▶ _INFORMATION_
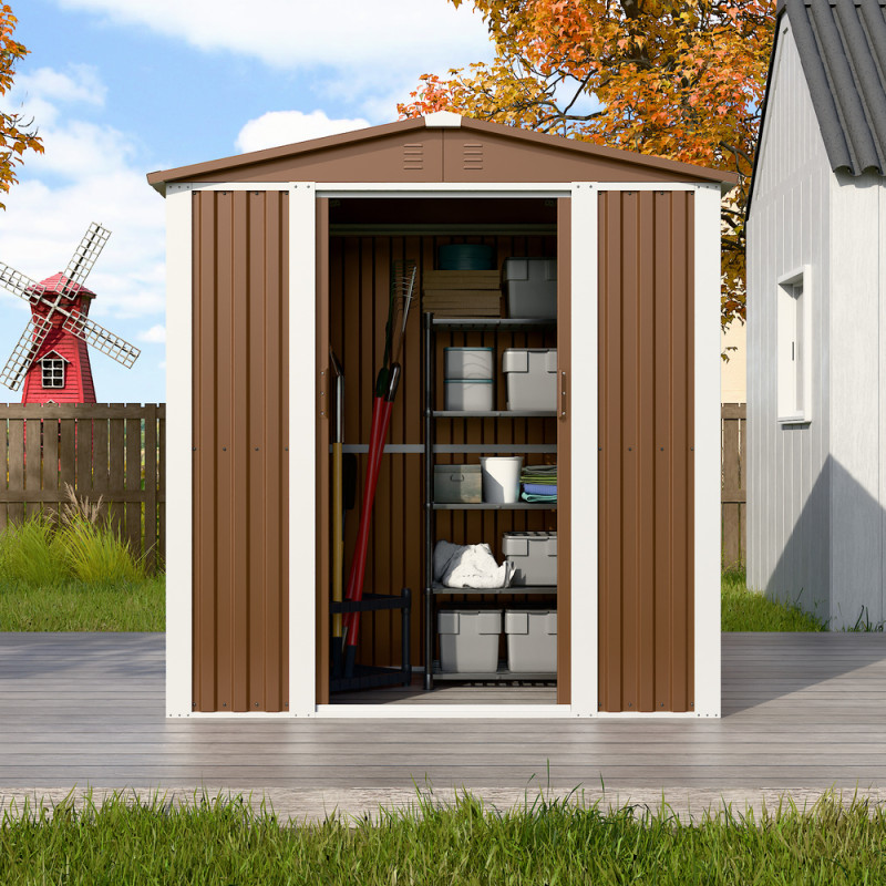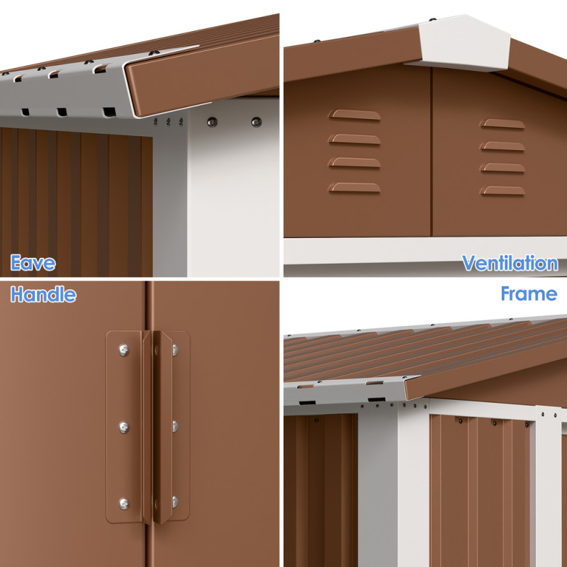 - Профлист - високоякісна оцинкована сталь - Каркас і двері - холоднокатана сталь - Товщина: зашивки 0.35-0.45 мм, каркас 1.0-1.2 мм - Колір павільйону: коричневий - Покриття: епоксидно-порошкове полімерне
--
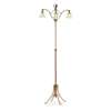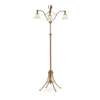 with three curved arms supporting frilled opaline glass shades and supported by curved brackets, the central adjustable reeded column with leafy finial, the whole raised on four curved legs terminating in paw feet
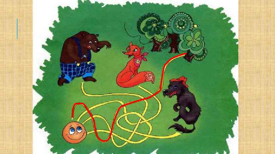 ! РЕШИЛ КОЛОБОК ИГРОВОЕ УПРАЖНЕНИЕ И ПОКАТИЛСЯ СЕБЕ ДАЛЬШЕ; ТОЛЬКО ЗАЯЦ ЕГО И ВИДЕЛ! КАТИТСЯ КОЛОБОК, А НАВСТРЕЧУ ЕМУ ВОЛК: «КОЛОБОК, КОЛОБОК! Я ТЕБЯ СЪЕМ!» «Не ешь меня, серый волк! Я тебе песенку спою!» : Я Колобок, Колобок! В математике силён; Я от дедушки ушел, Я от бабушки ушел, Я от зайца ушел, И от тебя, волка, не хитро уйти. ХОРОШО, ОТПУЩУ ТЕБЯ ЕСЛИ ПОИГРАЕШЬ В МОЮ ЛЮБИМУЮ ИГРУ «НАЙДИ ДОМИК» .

▶ _WHAT YOU ARE ASKED TO DO_
Please repeat, exactly as written, the lines in the records above, starting with the one that has "with three curved" and going on through the one that has "РЕШИЛ КОЛОБОК ИГРОВОЕ". Pictures are to be left out.

▶ _OUTPUT OF THE EXERCISE_
 with three curved arms supporting frilled opaline glass shades and supported by curved brackets, the central adjustable reeded column with leafy finial, the whole raised on four curved legs terminating in paw feet
 ! РЕШИЛ КОЛОБОК ИГРОВОЕ УПРАЖНЕНИЕ И ПОКАТИЛСЯ СЕБЕ ДАЛЬШЕ; ТОЛЬКО ЗАЯЦ ЕГО И ВИДЕЛ! КАТИТСЯ КОЛОБОК, А НАВСТРЕЧУ ЕМУ ВОЛК: «КОЛОБОК, КОЛОБОК! Я ТЕБЯ СЪЕМ!» «Не ешь меня, серый волк! Я тебе песенку спою!» : Я Колобок, Колобок! В математике силён; Я от дедушки ушел, Я от бабушки ушел, Я от зайца ушел, И от тебя, волка, не хитро уйти. ХОРОШО, ОТПУЩУ ТЕБЯ ЕСЛИ ПОИГРАЕШЬ В МОЮ ЛЮБИМУЮ ИГРУ «НАЙДИ ДОМИК» .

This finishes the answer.